## EXERCISE GOAL
Reproduce only what runs from the line containing "غلامرضا مصباحی‌مقدم، عضو" to the line containing "Llorenç Ugas y el paisaje que no fue" in the records below, inclusive. Keep it exact, and keep the pictures out.

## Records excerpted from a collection
————————
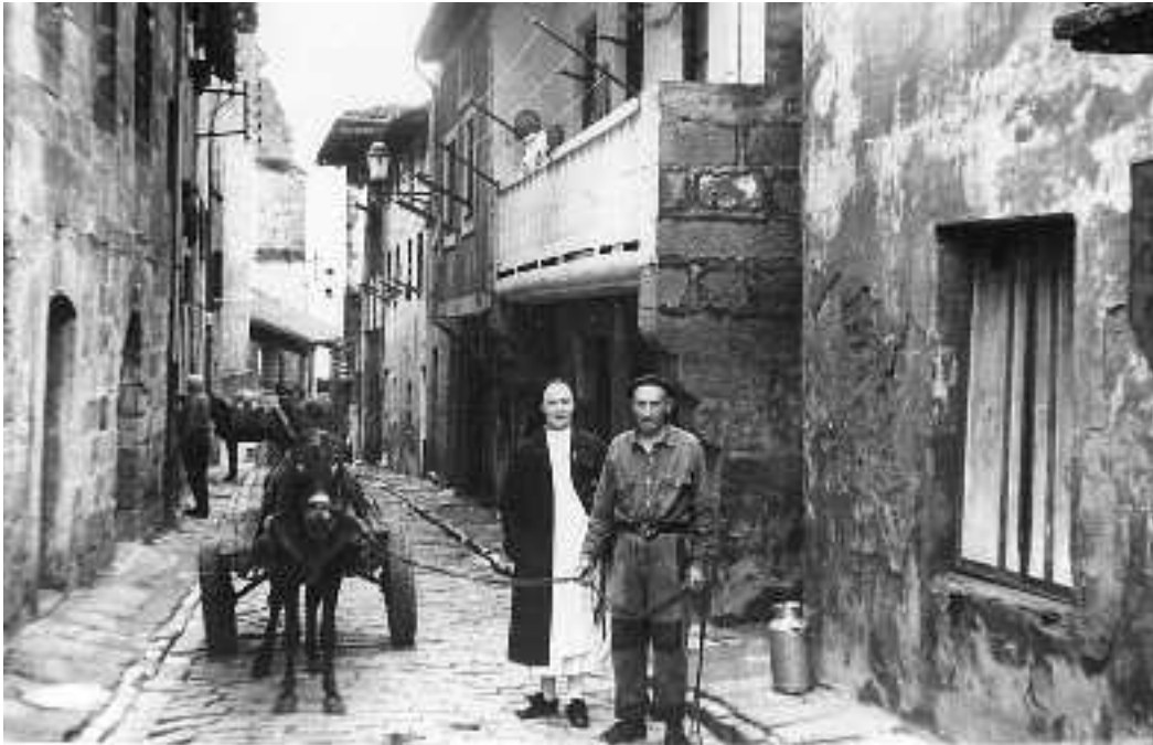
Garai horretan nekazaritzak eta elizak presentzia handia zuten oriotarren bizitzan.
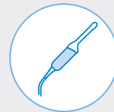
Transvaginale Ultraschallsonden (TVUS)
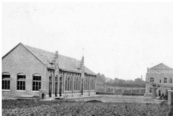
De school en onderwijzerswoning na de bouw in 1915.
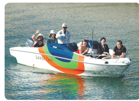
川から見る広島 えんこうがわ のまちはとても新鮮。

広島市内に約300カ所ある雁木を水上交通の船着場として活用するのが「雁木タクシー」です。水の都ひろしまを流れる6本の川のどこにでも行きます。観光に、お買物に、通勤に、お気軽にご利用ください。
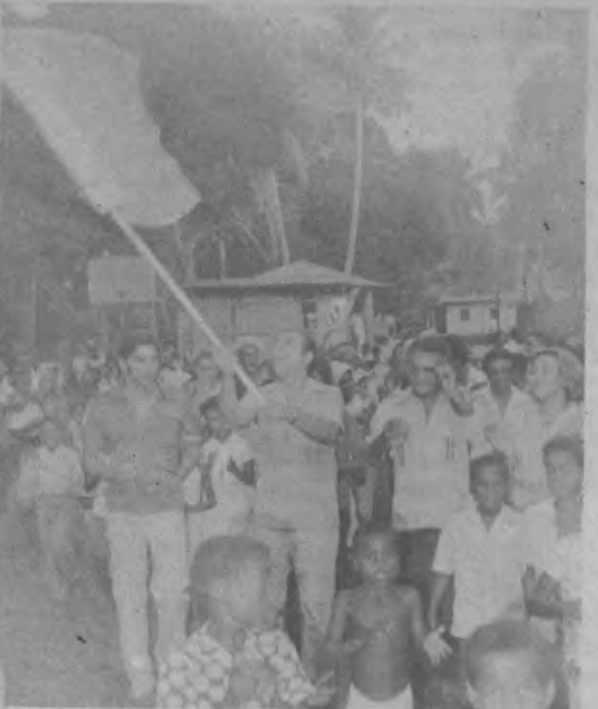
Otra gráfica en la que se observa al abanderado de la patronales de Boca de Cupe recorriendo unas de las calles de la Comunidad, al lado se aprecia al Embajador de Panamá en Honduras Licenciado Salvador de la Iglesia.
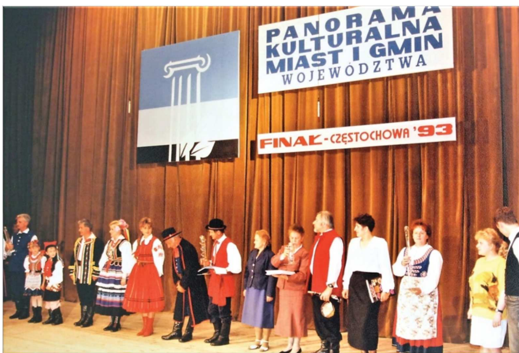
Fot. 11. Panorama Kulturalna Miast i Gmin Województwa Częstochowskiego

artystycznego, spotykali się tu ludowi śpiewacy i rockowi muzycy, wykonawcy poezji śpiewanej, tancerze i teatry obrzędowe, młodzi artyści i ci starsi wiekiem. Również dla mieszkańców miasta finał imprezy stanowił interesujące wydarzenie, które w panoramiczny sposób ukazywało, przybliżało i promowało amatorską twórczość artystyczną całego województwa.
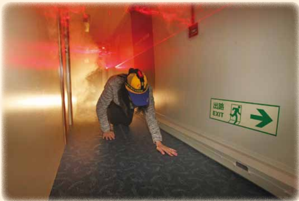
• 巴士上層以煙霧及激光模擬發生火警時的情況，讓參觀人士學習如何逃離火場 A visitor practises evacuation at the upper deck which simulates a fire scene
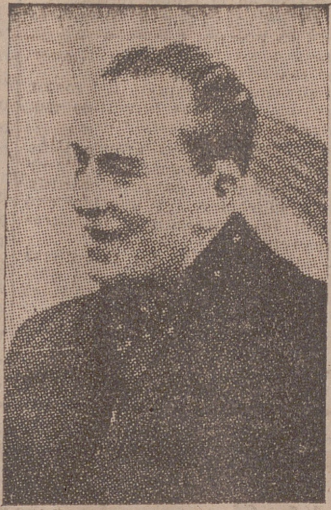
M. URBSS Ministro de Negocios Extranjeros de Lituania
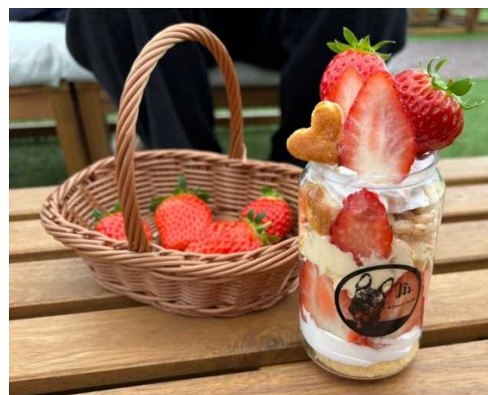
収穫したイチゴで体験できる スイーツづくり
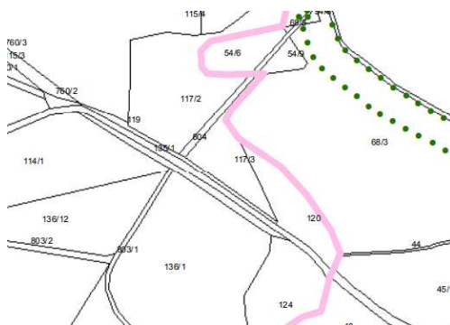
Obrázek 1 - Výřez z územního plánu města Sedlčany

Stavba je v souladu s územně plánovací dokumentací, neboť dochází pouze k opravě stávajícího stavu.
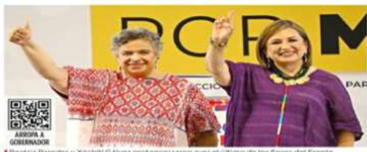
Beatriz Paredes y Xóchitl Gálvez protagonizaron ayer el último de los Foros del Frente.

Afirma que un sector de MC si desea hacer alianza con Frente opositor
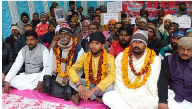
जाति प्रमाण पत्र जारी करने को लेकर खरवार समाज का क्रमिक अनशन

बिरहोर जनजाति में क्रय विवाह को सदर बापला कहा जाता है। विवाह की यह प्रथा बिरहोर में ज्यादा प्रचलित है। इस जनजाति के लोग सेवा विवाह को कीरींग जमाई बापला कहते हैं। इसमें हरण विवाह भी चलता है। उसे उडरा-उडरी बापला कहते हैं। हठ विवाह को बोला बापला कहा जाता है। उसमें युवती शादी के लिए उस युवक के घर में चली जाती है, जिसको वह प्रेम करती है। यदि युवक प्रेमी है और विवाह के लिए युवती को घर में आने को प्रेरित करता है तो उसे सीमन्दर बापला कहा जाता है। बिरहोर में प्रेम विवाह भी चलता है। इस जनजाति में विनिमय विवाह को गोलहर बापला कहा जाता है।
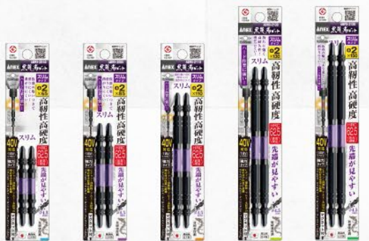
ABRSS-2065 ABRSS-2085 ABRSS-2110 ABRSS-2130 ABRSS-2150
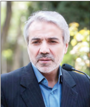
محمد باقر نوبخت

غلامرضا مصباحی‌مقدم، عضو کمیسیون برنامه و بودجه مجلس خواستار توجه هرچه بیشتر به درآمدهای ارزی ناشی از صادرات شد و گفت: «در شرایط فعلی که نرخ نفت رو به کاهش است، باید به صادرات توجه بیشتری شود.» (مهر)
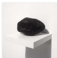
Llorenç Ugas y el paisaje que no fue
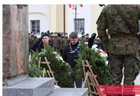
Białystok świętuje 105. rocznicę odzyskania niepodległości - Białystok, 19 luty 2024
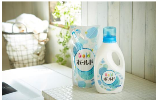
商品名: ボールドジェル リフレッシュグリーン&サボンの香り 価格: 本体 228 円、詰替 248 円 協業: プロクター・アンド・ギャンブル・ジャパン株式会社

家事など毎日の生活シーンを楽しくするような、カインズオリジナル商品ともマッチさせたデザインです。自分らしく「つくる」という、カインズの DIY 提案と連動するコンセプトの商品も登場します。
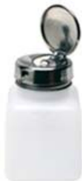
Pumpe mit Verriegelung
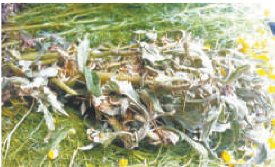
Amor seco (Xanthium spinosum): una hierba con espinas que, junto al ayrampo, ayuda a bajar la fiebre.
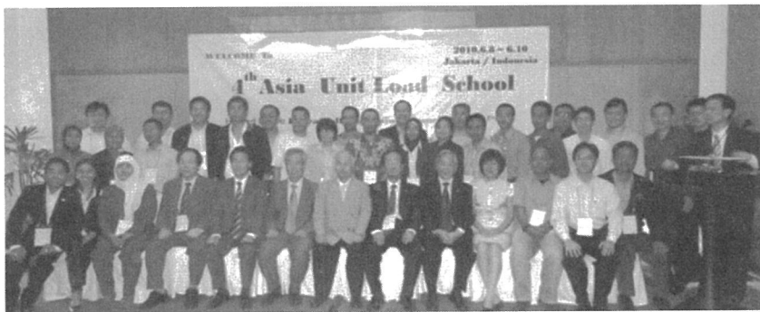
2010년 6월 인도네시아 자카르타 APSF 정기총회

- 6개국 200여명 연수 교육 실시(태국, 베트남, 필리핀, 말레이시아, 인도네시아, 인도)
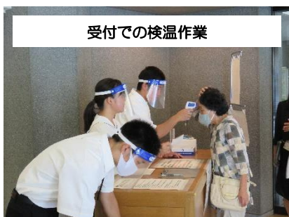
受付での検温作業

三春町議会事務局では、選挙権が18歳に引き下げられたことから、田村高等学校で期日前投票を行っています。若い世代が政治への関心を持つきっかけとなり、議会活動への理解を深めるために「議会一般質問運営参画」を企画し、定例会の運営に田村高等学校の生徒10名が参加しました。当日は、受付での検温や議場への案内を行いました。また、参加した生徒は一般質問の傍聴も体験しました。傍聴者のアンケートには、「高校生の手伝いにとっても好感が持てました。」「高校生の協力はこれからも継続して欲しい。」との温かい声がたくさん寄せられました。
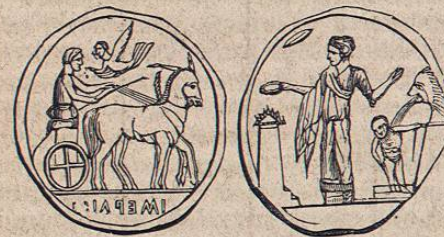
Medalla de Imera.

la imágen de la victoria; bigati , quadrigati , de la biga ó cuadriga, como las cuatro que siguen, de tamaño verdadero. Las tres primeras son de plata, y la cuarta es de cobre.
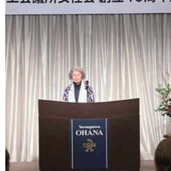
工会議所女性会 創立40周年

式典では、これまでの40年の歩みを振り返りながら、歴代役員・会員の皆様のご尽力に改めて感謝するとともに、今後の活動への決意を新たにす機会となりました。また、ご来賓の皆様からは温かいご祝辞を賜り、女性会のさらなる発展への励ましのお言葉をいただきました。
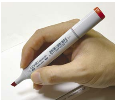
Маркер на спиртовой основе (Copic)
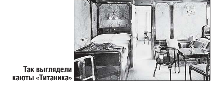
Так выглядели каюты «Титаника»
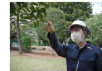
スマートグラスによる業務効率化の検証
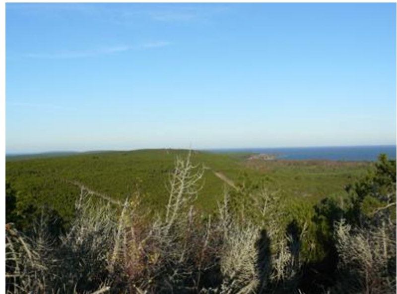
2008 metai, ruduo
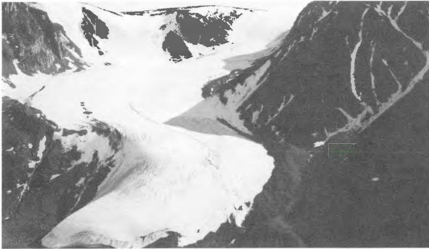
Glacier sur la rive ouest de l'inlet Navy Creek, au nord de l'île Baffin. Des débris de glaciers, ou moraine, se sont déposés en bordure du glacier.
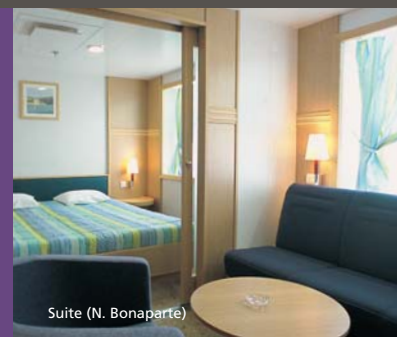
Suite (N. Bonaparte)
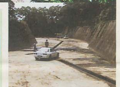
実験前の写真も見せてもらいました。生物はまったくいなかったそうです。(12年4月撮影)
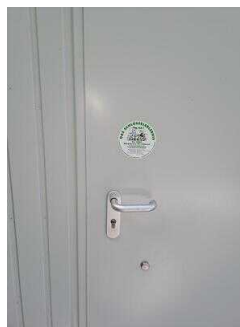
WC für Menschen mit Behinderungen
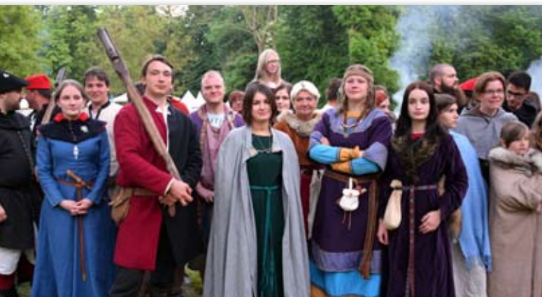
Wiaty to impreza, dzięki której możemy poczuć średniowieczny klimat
————————
## TASK SOLUTION
غلامرضا مصباحی‌مقدم، عضو کمیسیون برنامه و بودجه مجلس خواستار توجه هرچه بیشتر به درآمدهای ارزی ناشی از صادرات شد و گفت: «در شرایط فعلی که نرخ نفت رو به کاهش است، باید به صادرات توجه بیشتری شود.» (مهر)
Llorenç Ugas y el paisaje que no fue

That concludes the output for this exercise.